*** Extracted data Section Begins ***
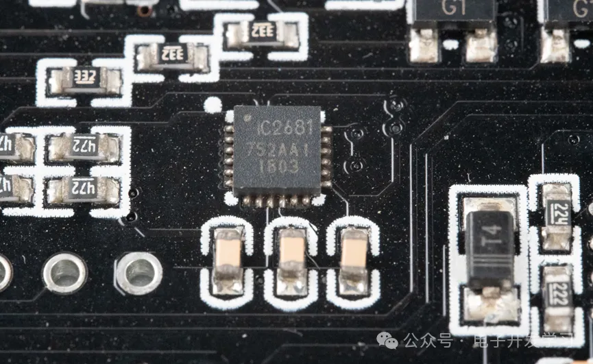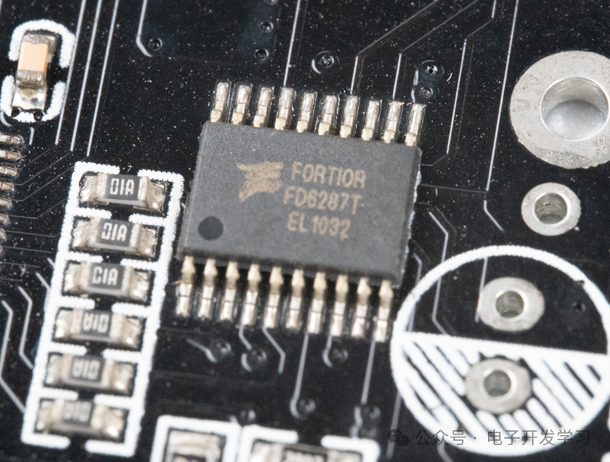既然是一个电机驱动板,肯定要有驱动MOS的器件,这个板子采用了FD6288T。FD6288T在电机驱动领域算是老熟人了,尤其是航模、无人机、穿越机上的电调,基本上用的都是FD6288Q这个料。
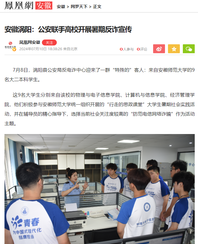 7月8日,涡阳县公安局反电诈中心迎来了一群“特殊的”客人:来自安徽师范大学的9名大二本科学生。
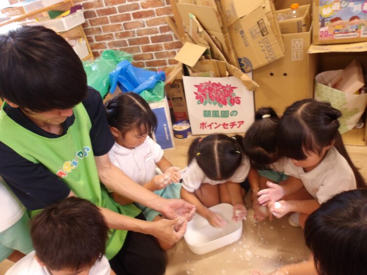 ネイチャーのお部屋では、片栗粉を使ったスライムをつくりました!
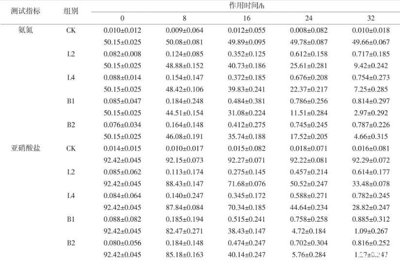 測(cè)試指標(biāo)組別作用時(shí)間/h 0 8 16 24 32氨氮CK 0.010±0.012 0.009±0.064 0.012±0.055 0.008±0.082 0.010±0.018 50.15±0.025 50.08±0.081 49.89±0.095 49.78±0.087 49.66±0.067 L2 0.082±0.008 0.124±0.085 0.352±0.125 0.612±0.158 0.717±0.185 50.15±0.025 48.88±0.152 40.73±0.186 25.61±0.281 9.42±0.242 L4 0.088±0.014 0.154±0.147 0.372±0.185 0.676±0.208 0.754±0.273 50.15±0.025 48.42±0.106 39.83±0.241 22.37±0.217 7.25±0.285 B1 0.085±0.047 0.184±0.248 0.484±0.381 0.786±0.256 0.814±0.297 50.15±0.025 44.51±0.154 31.08±0.224 11.51±0.284 2.97±0.292 B2 0.076±0.034 0.164±0.148 0.412±0.275 0.745±0.245 0.787±0.226 50.15±0.025 46.08±0.191 35.74±0.188 17.52±0.205 4.66±0.315亞硝酸鹽CK 0.014±0.015 0.010±0.017 0.015±0.082 0.018±0.071 0.016±0.081 92.42±0.045 92.15±0.073 92.27±0.071 92.22±0.081 92.29±0.072 L2 0.085±0.062 0.113±0.174 0.275±0.145 0.457±0.214 0.614±0.177 92.42±0.045 88.43±0.147 71.68±0.076 50.52±0.247 33.48±0.078 L4 0.084±0.064 0.140±0.247 0.345±0.172 0.588±0.271 0.782±0.245 92.42±0.045 87.84±0.084 70.34±0.185 44.64±0.234 28.82±0.247 B1 0.088±0.082 0.185±0.194 0.515±0.241 0.758±0.258 0.885±0.312 92.42±0.045 82.47±0.271 38.43±0.147 4.72±0.184 1.09±0.267 B2 0.080±0.056 0.184±0.148 0.474±0.247 0.702±0.304 0.816±0.252 92.42±0.045 85.18±0.163 40.14±0.247 5.76±0.284 1.27±0.247
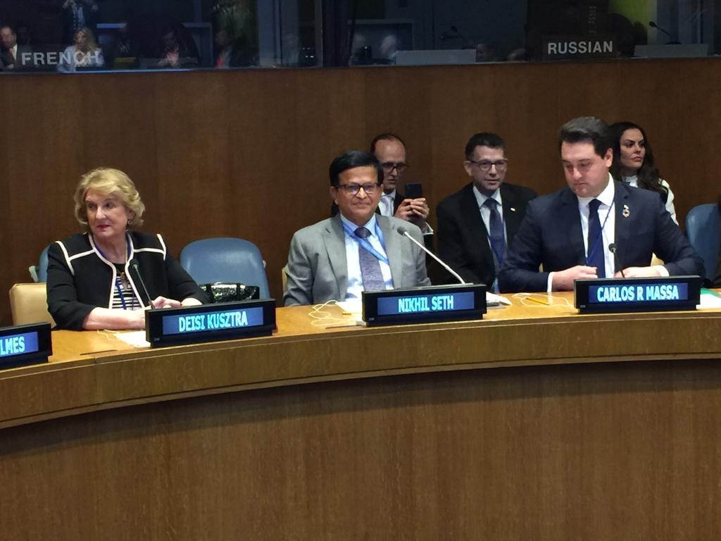 Later that week, on Friday 12, Mr. Nikhil Seth and H.E. Mr. Marco Suazo met with ASG Mr. Fabrizio Hochschild, Assistant Secretary-General for Strategic Coordination and Special Adviser on the Preparations for the Commemoration of the United Nations’ 75th Anniversary. During the meeting, Mr. Hochschild shared the plans to inspire forward-looking discussions in all sectors of the world on directing emerging risks and opportunities. Mr. Hochshild also explained how these plans of dialogue would strengthen collective action to build the program of the 75th United Nations Session titled “future we want, the UN we need”.
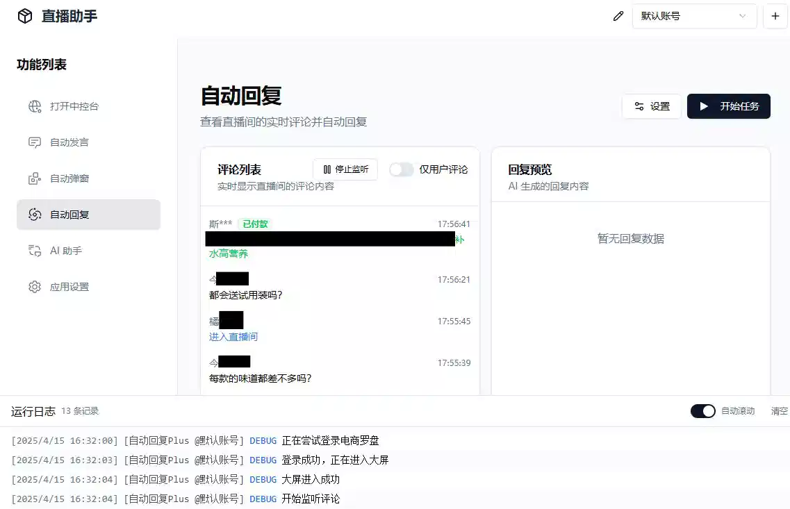 AI 自动回复:实时监听直播互动评论(包括进入直播间、点赞、关注、加入品牌会员、加入粉丝团、下单信息等)、自动生成回复内容(仅限抖音小店/巨量百应)
*** Extracted data Section Ends ***
__Required work__: Leave out the pictures and return every record word for word.

__Final answer__:
既然是一个电机驱动板,肯定要有驱动MOS的器件,这个板子采用了FD6288T。FD6288T在电机驱动领域算是老熟人了,尤其是航模、无人机、穿越机上的电调,基本上用的都是FD6288Q这个料。
 7月8日,涡阳县公安局反电诈中心迎来了一群“特殊的”客人:来自安徽师范大学的9名大二本科学生。
 ネイチャーのお部屋では、片栗粉を使ったスライムをつくりました!
 測(cè)試指標(biāo)組別作用時(shí)間/h 0 8 16 24 32氨氮CK 0.010±0.012 0.009±0.064 0.012±0.055 0.008±0.082 0.010±0.018 50.15±0.025 50.08±0.081 49.89±0.095 49.78±0.087 49.66±0.067 L2 0.082±0.008 0.124±0.085 0.352±0.125 0.612±0.158 0.717±0.185 50.15±0.025 48.88±0.152 40.73±0.186 25.61±0.281 9.42±0.242 L4 0.088±0.014 0.154±0.147 0.372±0.185 0.676±0.208 0.754±0.273 50.15±0.025 48.42±0.106 39.83±0.241 22.37±0.217 7.25±0.285 B1 0.085±0.047 0.184±0.248 0.484±0.381 0.786±0.256 0.814±0.297 50.15±0.025 44.51±0.154 31.08±0.224 11.51±0.284 2.97±0.292 B2 0.076±0.034 0.164±0.148 0.412±0.275 0.745±0.245 0.787±0.226 50.15±0.025 46.08±0.191 35.74±0.188 17.52±0.205 4.66±0.315亞硝酸鹽CK 0.014±0.015 0.010±0.017 0.015±0.082 0.018±0.071 0.016±0.081 92.42±0.045 92.15±0.073 92.27±0.071 92.22±0.081 92.29±0.072 L2 0.085±0.062 0.113±0.174 0.275±0.145 0.457±0.214 0.614±0.177 92.42±0.045 88.43±0.147 71.68±0.076 50.52±0.247 33.48±0.078 L4 0.084±0.064 0.140±0.247 0.345±0.172 0.588±0.271 0.782±0.245 92.42±0.045 87.84±0.084 70.34±0.185 44.64±0.234 28.82±0.247 B1 0.088±0.082 0.185±0.194 0.515±0.241 0.758±0.258 0.885±0.312 92.42±0.045 82.47±0.271 38.43±0.147 4.72±0.184 1.09±0.267 B2 0.080±0.056 0.184±0.148 0.474±0.247 0.702±0.304 0.816±0.252 92.42±0.045 85.18±0.163 40.14±0.247 5.76±0.284 1.27±0.247
 Later that week, on Friday 12, Mr. Nikhil Seth and H.E. Mr. Marco Suazo met with ASG Mr. Fabrizio Hochschild, Assistant Secretary-General for Strategic Coordination and Special Adviser on the Preparations for the Commemoration of the United Nations’ 75th Anniversary. During the meeting, Mr. Hochschild shared the plans to inspire forward-looking discussions in all sectors of the world on directing emerging risks and opportunities. Mr. Hochshild also explained how these plans of dialogue would strengthen collective action to build the program of the 75th United Nations Session titled “future we want, the UN we need”.
 AI 自动回复:实时监听直播互动评论(包括进入直播间、点赞、关注、加入品牌会员、加入粉丝团、下单信息等)、自动生成回复内容(仅限抖音小店/巨量百应)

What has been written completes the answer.